Despite ChatGPT’s inability to “feel” emotions, it outperformed the average human participant across all three humor production tasks. Overall, ChatGPT 3.5 performed above 63% to 87% of human participants depending on the humor test. ChatGPT 3.5 showed particularly strong performance in the roast joke task. We found this result particularly interesting given the aggressive nature of the task. Given that ChatGPT is designed not to generate any speech that could be considered offensive or hateful, the opposite prediction could have been made.
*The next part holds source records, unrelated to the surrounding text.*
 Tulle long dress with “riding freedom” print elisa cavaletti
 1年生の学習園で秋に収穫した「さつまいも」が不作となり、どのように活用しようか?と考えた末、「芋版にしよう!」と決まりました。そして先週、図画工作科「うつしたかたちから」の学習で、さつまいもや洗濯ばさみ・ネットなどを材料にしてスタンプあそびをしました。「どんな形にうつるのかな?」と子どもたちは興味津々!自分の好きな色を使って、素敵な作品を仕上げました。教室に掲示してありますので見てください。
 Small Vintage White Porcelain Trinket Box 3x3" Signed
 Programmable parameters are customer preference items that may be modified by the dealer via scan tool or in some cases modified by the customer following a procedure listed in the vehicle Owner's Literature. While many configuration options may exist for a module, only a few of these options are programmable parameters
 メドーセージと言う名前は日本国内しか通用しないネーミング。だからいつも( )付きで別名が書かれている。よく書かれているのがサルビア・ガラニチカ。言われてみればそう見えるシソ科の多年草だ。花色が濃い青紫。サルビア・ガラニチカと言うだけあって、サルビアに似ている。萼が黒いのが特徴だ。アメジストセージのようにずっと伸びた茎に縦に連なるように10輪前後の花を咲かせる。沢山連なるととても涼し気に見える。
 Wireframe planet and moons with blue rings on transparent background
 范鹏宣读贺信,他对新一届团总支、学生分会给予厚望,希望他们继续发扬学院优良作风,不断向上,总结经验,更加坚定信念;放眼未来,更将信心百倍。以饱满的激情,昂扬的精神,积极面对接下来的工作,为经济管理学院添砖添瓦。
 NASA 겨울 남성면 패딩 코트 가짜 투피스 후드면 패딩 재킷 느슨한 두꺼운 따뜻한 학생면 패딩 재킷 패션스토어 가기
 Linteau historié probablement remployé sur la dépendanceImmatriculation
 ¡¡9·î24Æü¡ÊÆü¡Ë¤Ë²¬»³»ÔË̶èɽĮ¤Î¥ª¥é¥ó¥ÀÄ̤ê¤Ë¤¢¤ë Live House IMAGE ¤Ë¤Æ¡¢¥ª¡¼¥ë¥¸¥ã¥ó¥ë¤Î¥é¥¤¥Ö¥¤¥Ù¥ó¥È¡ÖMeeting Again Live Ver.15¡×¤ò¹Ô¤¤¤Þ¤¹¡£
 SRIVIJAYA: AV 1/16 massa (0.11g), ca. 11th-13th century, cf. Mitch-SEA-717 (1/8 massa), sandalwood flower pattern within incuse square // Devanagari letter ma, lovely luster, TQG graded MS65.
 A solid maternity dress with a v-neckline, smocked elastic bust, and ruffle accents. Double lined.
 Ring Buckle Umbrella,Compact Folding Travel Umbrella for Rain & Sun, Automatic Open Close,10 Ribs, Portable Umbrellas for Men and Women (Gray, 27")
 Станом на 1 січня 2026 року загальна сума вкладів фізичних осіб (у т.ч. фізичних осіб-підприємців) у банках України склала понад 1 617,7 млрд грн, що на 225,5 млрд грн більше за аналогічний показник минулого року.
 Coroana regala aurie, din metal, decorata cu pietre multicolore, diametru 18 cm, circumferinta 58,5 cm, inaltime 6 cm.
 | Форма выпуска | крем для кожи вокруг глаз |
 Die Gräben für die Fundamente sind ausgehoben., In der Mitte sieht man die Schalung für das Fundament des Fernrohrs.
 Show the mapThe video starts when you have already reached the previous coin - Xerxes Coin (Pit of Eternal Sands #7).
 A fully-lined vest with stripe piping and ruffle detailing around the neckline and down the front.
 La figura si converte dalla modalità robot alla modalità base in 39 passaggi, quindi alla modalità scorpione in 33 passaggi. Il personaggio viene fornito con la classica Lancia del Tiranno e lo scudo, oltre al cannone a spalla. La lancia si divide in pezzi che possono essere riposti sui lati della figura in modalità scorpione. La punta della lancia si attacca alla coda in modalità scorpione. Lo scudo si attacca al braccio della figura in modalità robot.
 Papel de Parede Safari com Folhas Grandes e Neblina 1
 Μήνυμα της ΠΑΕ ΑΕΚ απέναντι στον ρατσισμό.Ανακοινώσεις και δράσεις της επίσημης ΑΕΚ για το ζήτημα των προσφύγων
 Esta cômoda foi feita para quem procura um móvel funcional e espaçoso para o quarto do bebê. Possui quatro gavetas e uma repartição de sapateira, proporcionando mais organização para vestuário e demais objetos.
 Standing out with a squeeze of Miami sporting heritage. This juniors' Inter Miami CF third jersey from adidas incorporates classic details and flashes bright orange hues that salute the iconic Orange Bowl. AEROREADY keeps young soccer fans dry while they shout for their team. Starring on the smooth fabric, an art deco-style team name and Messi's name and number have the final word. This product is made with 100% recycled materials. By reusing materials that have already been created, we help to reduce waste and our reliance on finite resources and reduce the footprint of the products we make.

Study 2: ChatGPT 3.5 vs. The Onion

Given ChatGPT’s strong performance in humor production relative to laypeople, we wondered how its jokes compare to those of professional comedy writers within a commercially successful industry. For this purpose, we assessed its ability to produce satirical humor. Satire is one of the oldest types of comedy and usually involves ridiculing the vices, follies, abuses, and shortcomings of another person, group of people, or society in general. Satire can be found in many popular comedy programs from sketch comedy in Saturday Night Live to news satire in The Daily Show and The Onion.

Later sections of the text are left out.